I am prepared to appear in a court of law to verify the contents of this email.
It should be made clear from the start that:
Judy Ross
Bronwen Cotton
Johann Bekker
4) Jacques Basson
Have been totally supportive of this initiative and that they are, without question, not part of the Henry Symington/Jack Bergman/Netcare alliance.
Yours sincerely
Stephan van der Westhuizen."
[18] Bekker confirmed that he became a full profit and loss sharing partner in February 2006. He further testified that there was no resistance by the partners to an audit being undertaken at the partnership. He stated that Bergman and Koski never had any objections in obtaining an opinion from an independent audit firm regarding the accounting status of the partnership. Bekker denied that a preliminary audit report was compiled by the auditors. He also had no knowledge of a business relationship between Bergman, Symington and Netcare where profit-sharing was or is conducted under questionable methods. He expressed his displeasure in the manner the Defendant filed a complaint with the Radiological society of South Africa and distanced himself from it. This, according to Bekker, is also the view of Drs. Ross, Cotton and Basson.
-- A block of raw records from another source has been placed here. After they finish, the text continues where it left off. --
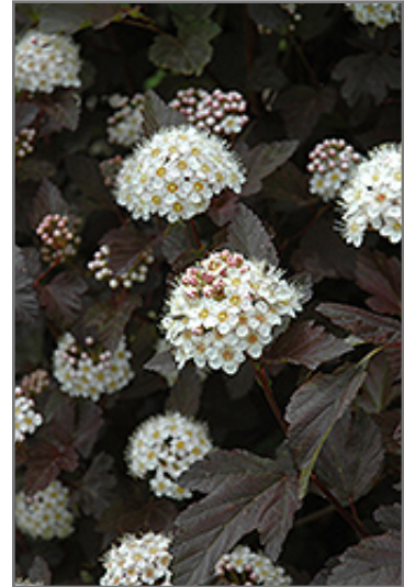
Diablo Ninebark flowers

Diablo Ninebark is recommended for the following landscape applications;
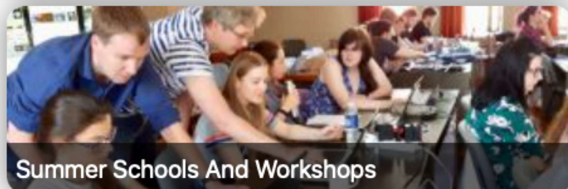
Summer Schools And Workshops
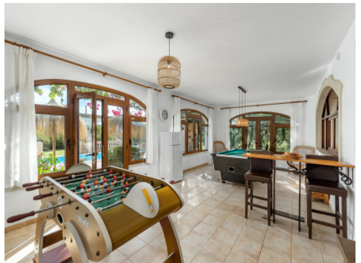
Wintergarden-like leisure room with terrace access

All information is correct to the best of our knowledge. Errors and prior sale excepted. This prospectus is purely for information purposes. Only the notarized deed of sale is legally binding.
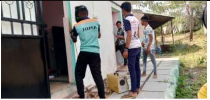
Community Service : Fabricating gate

For Regular update: www.vigyanashram.com
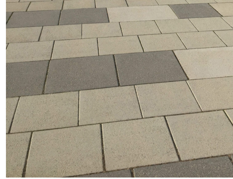
PCC textured flags to pavements
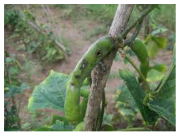
Figure 4. P. erosus paods attacked by Piezotrachelus varium

<sup>1</sup>Mean of 40 repetitions. Means followed by the same letters in the same column are not significantly different according to Student-Newmann-Keuls test with P = 0.05
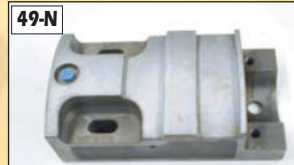
Block – Operator Side #53.580.318
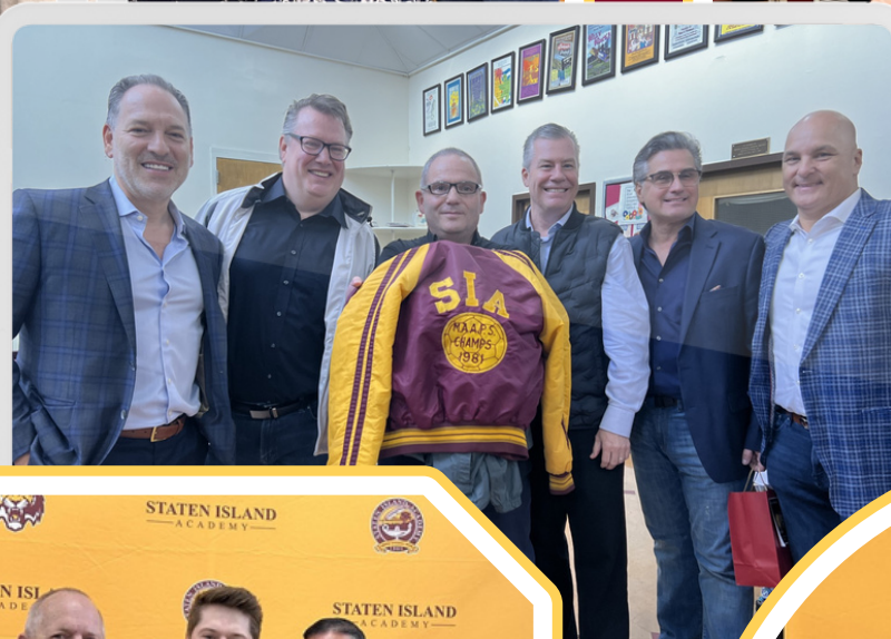
1981 Boys Varsity Soccer Team
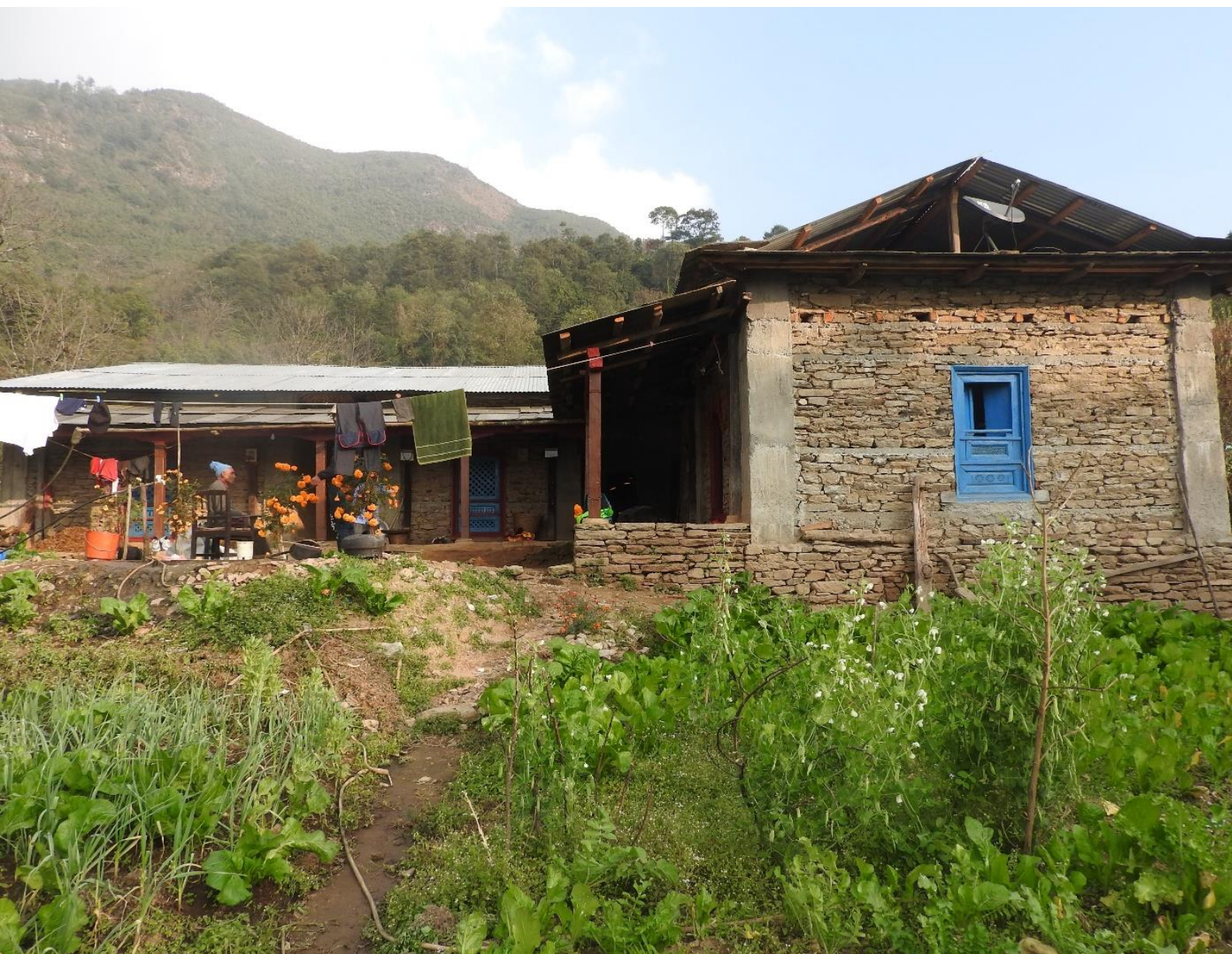
Figure 12: House of Khadka family, two houses have been separated by certain gap in between.
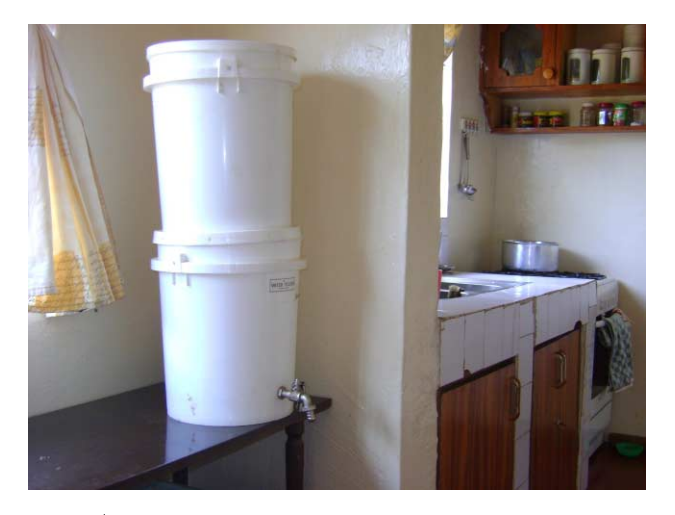
Figure 3 | Hom device for rendering water potable in use in a household.

To assess the public acceptance potential of the Hom device for rendering water potable, preliminary surveys were conducted in three convenient public exhibitions. In each exhibition venue two complete device units were displayed on a stand. The first venue considered was a three-day annual exhibition organized by the Commission for Higher Education (CHE) for Kenyan Universities held on 15-18March 2006 in Nairobi. At a frequency of every 10-15 min, a visitor to the stand, regardless of gender, was invited to fill in a one page response sheet after being fully informed about the nature and functioning of the device
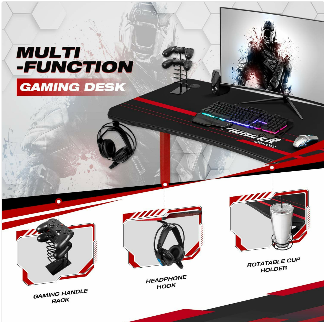
Image: A detailed view highlighting the gaming handle rack, headphone hook, and rotatable cup holder accessories.
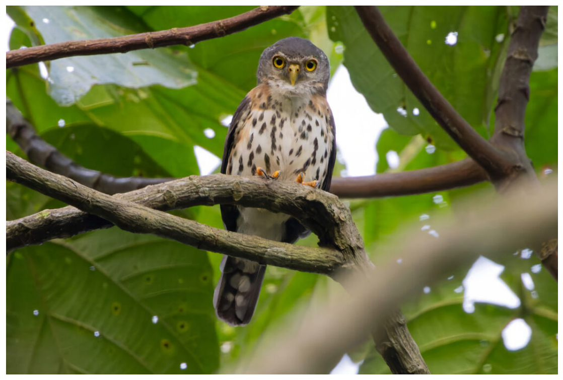
Red-chested Owl
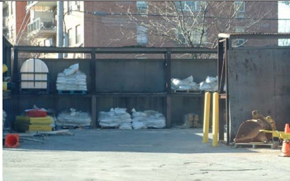
Low Severity Chemicals Management – Miscellaneous waste stored outside, some under cover.
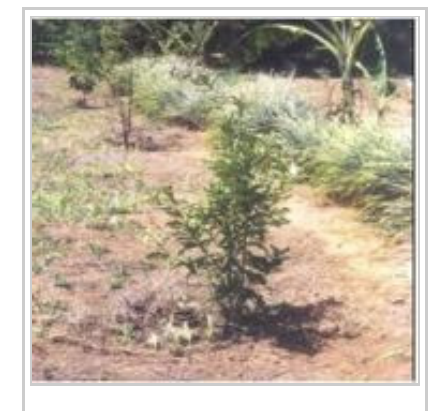
Fig 16:Plant with pitcher irrigation

Ariyabandu R D E S, Lanka Rain Water Harvesting Forum, 1998 Water Harvesting: a manual for the design and construction of water harvesting schemes for plant production by Critchley W, Siegert K, Food and Agriculture Organization of the United Nations (FAO), 1992
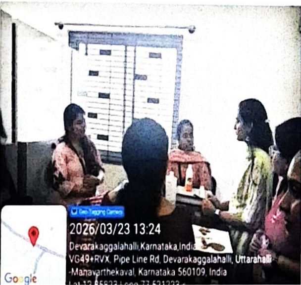
2026/03/23 13:24 Devarakaggalaha, Karnataka, India VG49+RVX, Pipe Line Rd, Devarakaggalaha, Uttarahalli -Manavarthekeval, Karnataka 560109, India Lat 12.657988 Long 77.520645
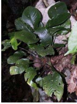
Figure 19. Schismatoglottis multinervia M.Hotta
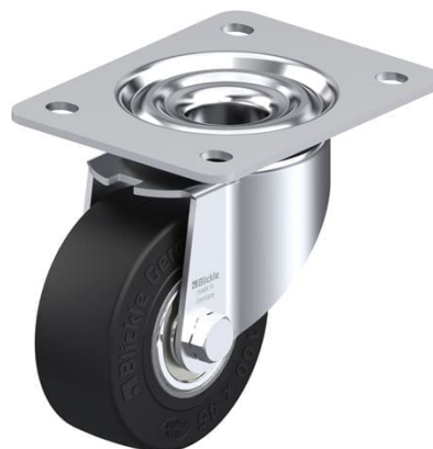
Corresponding swivel caster LK-SE 100K-3
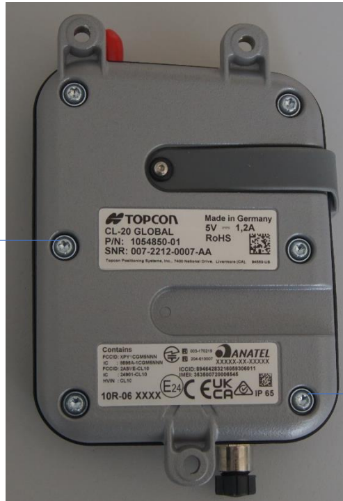
Compliance label (example)
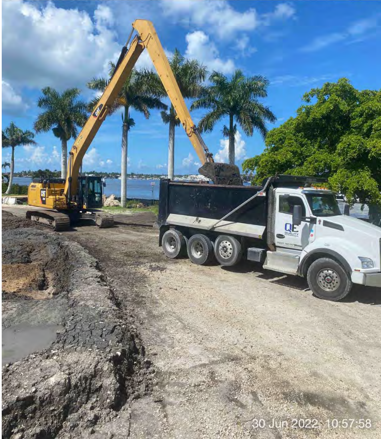
326 excavator transferring removed material from dewatering site to dump truck bed at 1300 Curlew Avenue

S 180 SW 210 240 W 270 ☉ 223°SW (T) ☉ 26°8'14"N, 81°47'15"W ±16ft ▲ 9ft
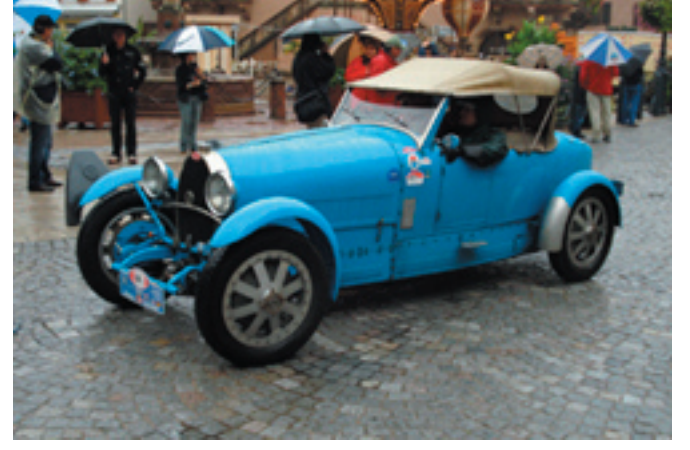
Type 43 #43196
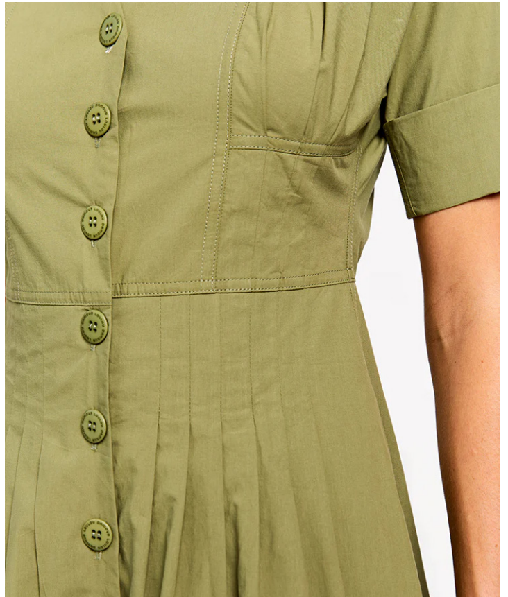
V- NECK PLEATED DRESS STYLE: CASCAIS CONTENT: COTTON COLOR: FEUILLAGE

[19] Bergman also expressed his dismay with the conduct of the Defendant. According to him, it was far from exemplary and the Defendant also resorted to malicious personal attacks by phoning his girlfriend (now his wife) with the allegation that he had an affair. The conclusion was reached by the rest of the partners that the Defendant had ulterior motives and his partnership was terminated.
[20] The evidence of Du Toit and Koski with regard to the financial statements and how Symington and Partners financially operated, is largely undisputed.
[21] The Plaintiffs' witnesses impressed me as credible and reliable in the manner they testified. Drs Bergman, Bekker and Mr Koski who worked in a professional environment with the Defendant, did not try to amplify their evidence against the Defendant. They were also consistent with their versions during cross-examination.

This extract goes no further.